Swedish racing driver (born 1996)

Victor Nils Georg Bouveng (born 17 April 1996) is a Swedish racing driver who competes in the GT4 European Series for Schubert Motorsport. A long-term BMW driver, he was International GT Open runner-up in 2017.

==Career==
Born in Knivsta, Bouveng made his single-seater debut in 2011, racing for Trackstar in the Formula Renault 2.0 Northern European Cup. Another season in the series then followed in 2012, this time with Interwetten.com Racing, in which Bouveng took a best result of fourth at Spa to end the year 22nd in points. Switching to the Volkswagen Scirocco R-Cup for the next two years, Bouveng finished tenth in 2013, before taking six podiums the following year en route to a third-place points finish.

In 2015, Bouveng joined the BMW Motorsport Junior Programme, as he began racing in the VLN Series with Walkenhorst Motorsport. In his first year under the Bavarian marque's wing, Bouveng won the 24 Hours of Nürburgring in the SP8T class, the 12 Hours of Brno in SP3 and made his GT3 debut towards the end of the year. A full season in the SP9 class of the VLN Series then ensued in 2016, in which he took five podiums, before Bouveng joined BMW Team Teo Martín to race in International GT Open. In his only season in the series, Bouveng took wins at the Hungaroring and Le Castellet, and five further podiums to secure runner-up honours overall alongside Fran Rueda.

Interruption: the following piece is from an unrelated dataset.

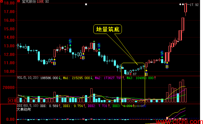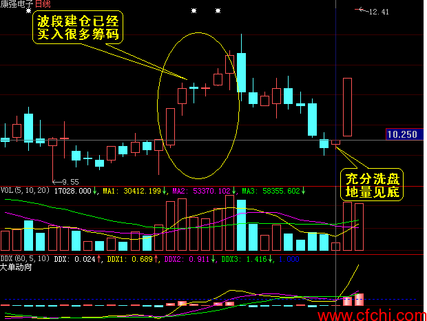 如下的案例,从DDE指标来看,2月24日至3月3日是放量建仓的波段,DDXDDY红柱都非常明显,成交量也很大。之后连续缩量洗盘,至3月16日时成交量已经缩小到了极限,说明已经没有短线筹码愿意卖出,短线筹码清理非常充分。而10元的价格位置是主力资金2月24日开始建仓时的最低成本。显然已经到了极限低点。

Remaining in GT3 machinery for 2018, Bouveng switched to BMW Team Schnitzer for his debut season in ADAC GT Masters. Teaming up with Dennis Marschall, Bouveng took a lone third-place finish at the Red Bull Ring to end the year 28th in points. At the end of the year, Bouveng represented Sweden in the only edition of the FIA GT Nations Cup alongside Alexander West. From 2019 to 2023 (with the exception of 2020), Bouveng raced in GT4 Scandinavia, finishing third in the Pro-Am standings in both 2022 and 2023 for M-Bilar Racing.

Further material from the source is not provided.